THE DATA
<<<<

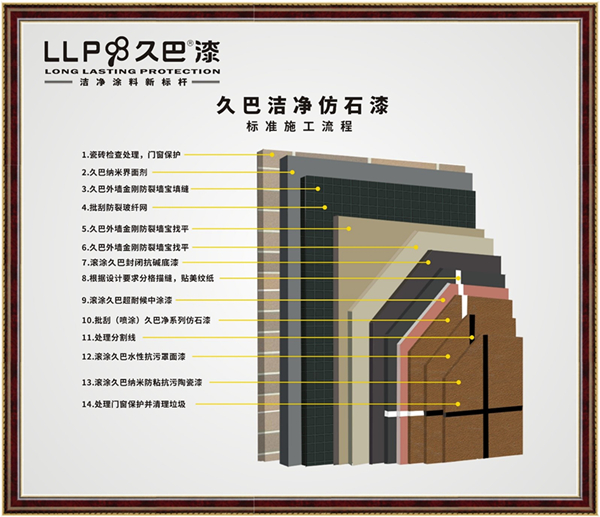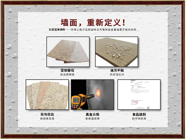 多年以来,久巴始终坚持“顶级科技,创造奇迹”的宗旨,从未停下过科研的步伐,最终在仿石漆市场低迷的时候实现逆风飞翔,推出的“净”系列仿石漆产品备受业主推崇,颠覆传统仿石漆效果,装饰效果突出,功能强大,具备超强自洁力,能够抗击污渍、不怕涂鸦,改变了传统仿石漆在面对水渍、污迹时候的劣势,处于行业的领先高科技产品,在提供具有竞争力产品的同时,通过合理化的设计、科学的施工方案,确保外墙效果保持更长久,给仿石漆行业开创了新的局面!
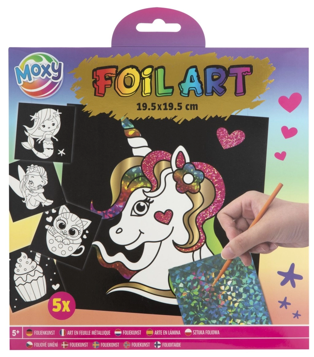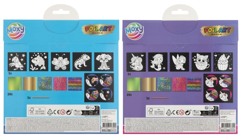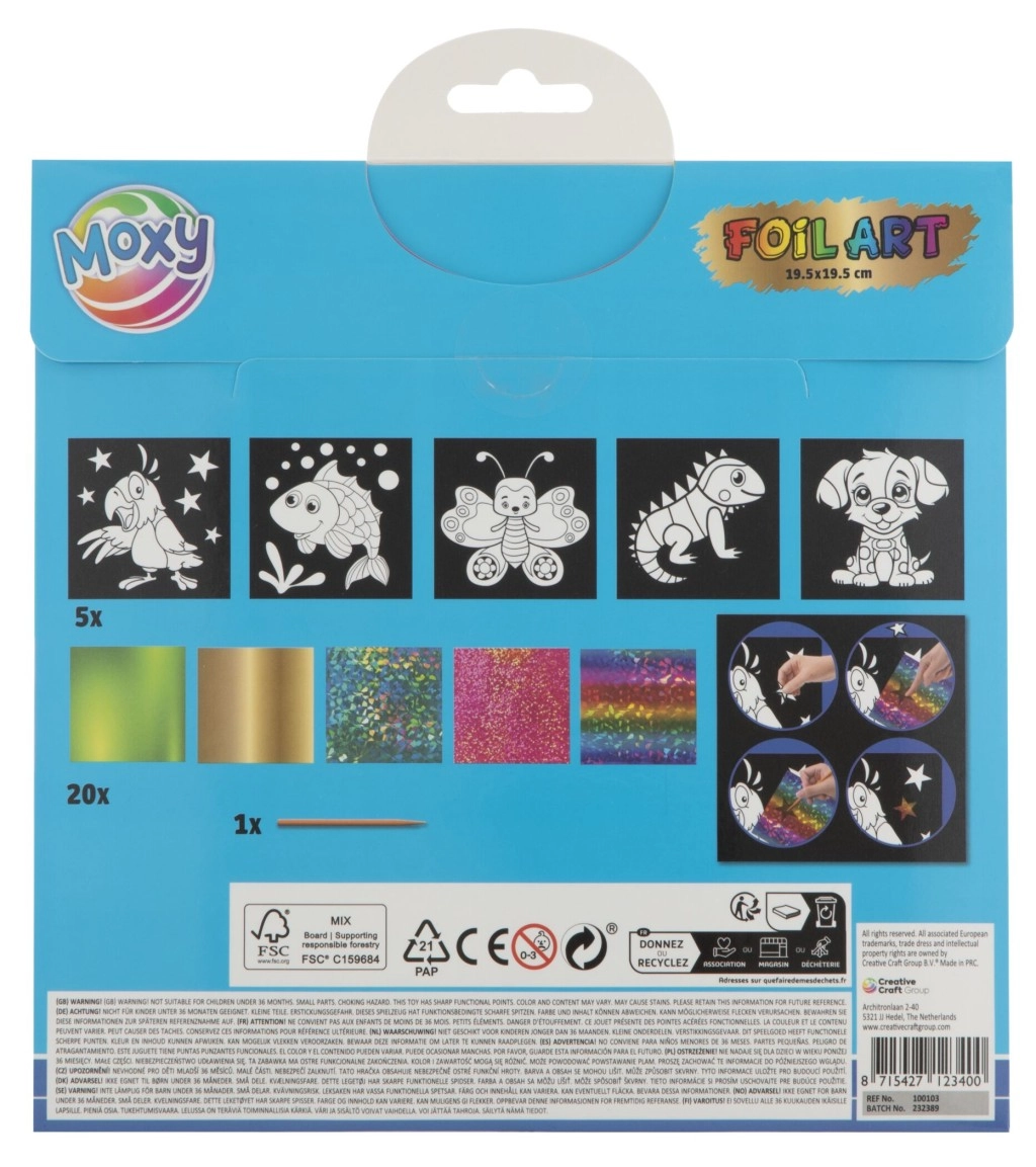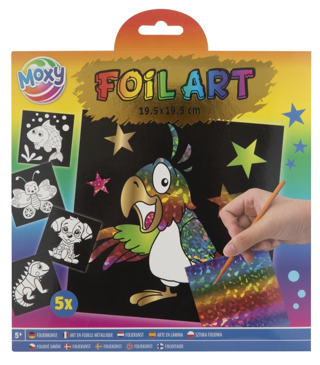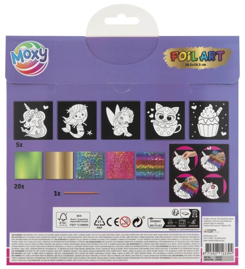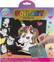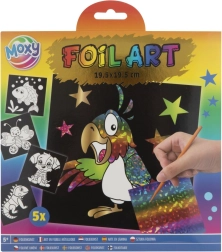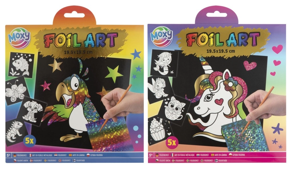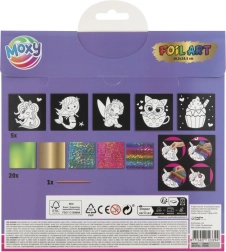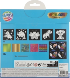 Komplektā ietilpst pieci dažādi attēli ar pašlīmējošām virsmām, kuras var apdarīt pēc savas ieceres. Bērni var izmantot 20 košas folijas ar dažādiem motīviem, kas nodrošina neierobežotu radošumu. Pietiek izvēlēties attēla daļu, noņemt aizsargkārtu un līmējošo virsmu dekorēt ar izvēlēto foliju.
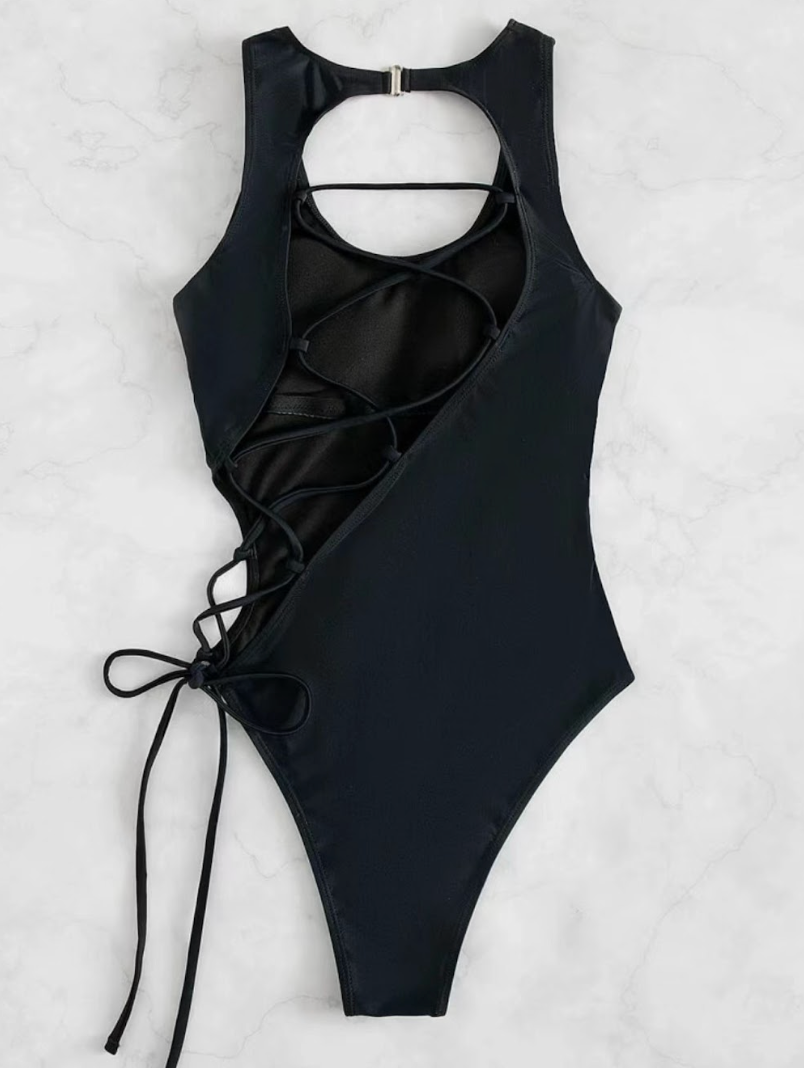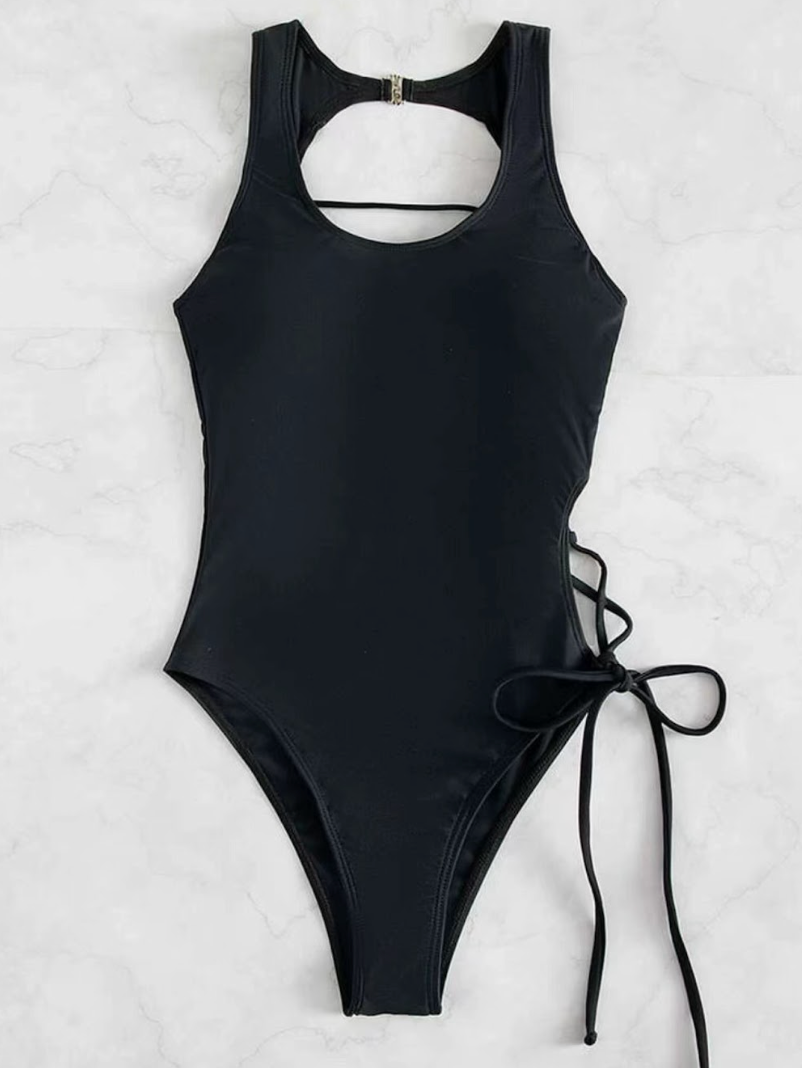 Denne badedrakten kombinerer enkel eleganse med vakre detaljer. Baksiden har delikate åpninger som gir en lett og luftig følelse, mens knytingen i ryggen tilfører et sofistikert og justerbart preg. Snittet former kroppen på en naturlig og flatterende måte – perfekt for solfylte dager med stil.

>>>>

EXERCISE DETAILS
With the images removed, write out all of the material above exactly.

YOUR RESPONSE
 多年以来,久巴始终坚持“顶级科技,创造奇迹”的宗旨,从未停下过科研的步伐,最终在仿石漆市场低迷的时候实现逆风飞翔,推出的“净”系列仿石漆产品备受业主推崇,颠覆传统仿石漆效果,装饰效果突出,功能强大,具备超强自洁力,能够抗击污渍、不怕涂鸦,改变了传统仿石漆在面对水渍、污迹时候的劣势,处于行业的领先高科技产品,在提供具有竞争力产品的同时,通过合理化的设计、科学的施工方案,确保外墙效果保持更长久,给仿石漆行业开创了新的局面!
 Komplektā ietilpst pieci dažādi attēli ar pašlīmējošām virsmām, kuras var apdarīt pēc savas ieceres. Bērni var izmantot 20 košas folijas ar dažādiem motīviem, kas nodrošina neierobežotu radošumu. Pietiek izvēlēties attēla daļu, noņemt aizsargkārtu un līmējošo virsmu dekorēt ar izvēlēto foliju.
 Denne badedrakten kombinerer enkel eleganse med vakre detaljer. Baksiden har delikate åpninger som gir en lett og luftig følelse, mens knytingen i ryggen tilfører et sofistikert og justerbart preg. Snittet former kroppen på en naturlig og flatterende måte – perfekt for solfylte dager med stil.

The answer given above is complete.